Signs Indicating You Are Experiencing Sleep Apnea

    – Intermittent snoring with pauses in your breathing
    – Unrelenting daytime fatigue
    – Waking up gasping or choking in your sleep
    – Struggling with mental function during the day
    – Trouble focusing and making decisions
    – Lapses in memory
    – Feeling irritable and easily becoming angry
    – Experiencing high blood pressure
    – Feeling chest pain at night
    – Gaining excess weight
    – Ongoing depression
    – Increasing neck size
    – Experiencing frequent morning headaches
    – Making multiple visits to the bathroom during the night
    – Noticing a diminished libido

How Sleep Apnea Presents Itself

When your jawbones aren’t working correctly with your facial and neck muscles, the tongue and airway can become obstructed, causing you to continually stop breathing as you sleep. When that happens, you may notice the symptoms above. While corrective jaw surgery is typically done on patients who are teens and young adults, it can help those who are older to overcome obstructive sleep apnea.

Solving your sleep apnea symptoms with orthognathic surgery first begins with working with your orthodontist to straighten your teeth using braces.
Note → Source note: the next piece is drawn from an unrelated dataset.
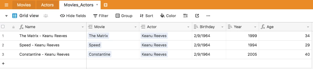 I am working on a movie database. One of the things I would like to do is show the age of the actor at the time of each film. I currently have a lookup that pulls the film year to the actor from the film table, and the actor age on their table. The issue is some actors obviously have done films in multiple years.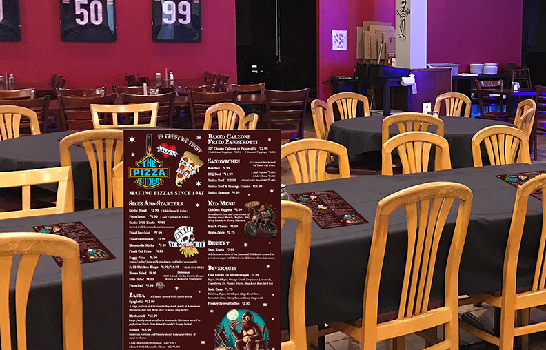 Featured below are digital illustrations I created for various applications throughout the restaurant. They wanted colorful and fun imagery that had an family friendly, yet edgy feel.

Once this alignment is done, jaw surgery can be performed to reposition the jaws and open up the airway so you can breathe in your sleep without issue.

Orthognathic Surgery to Relieve Sleep Apnea

If you are having orthognathic surgery to correct your sleep apnea, you will be treated under general anesthesia so that incisions can be made in the gums and around your jaws. Then the bones can be cut to be repositioned with splints. Next, the bones will be stabilized using small plates and screws you will never feel even after surgery. The gums will then be closed with stitches. As the inflammation gradually subsides, you will want to consume a liquid diet for up to six weeks while your jaws and mouth fully heal.

Ultimately, fixing your teeth and jaw problems with corrective jaw surgery can not only help you overcome your sleep apnea but also help you chew and swallow more easily, relieve jaw pain and headaches, balance your facial appearance, correct a receding chin or protruding jaw, and help alleviate chronic mouth breathing.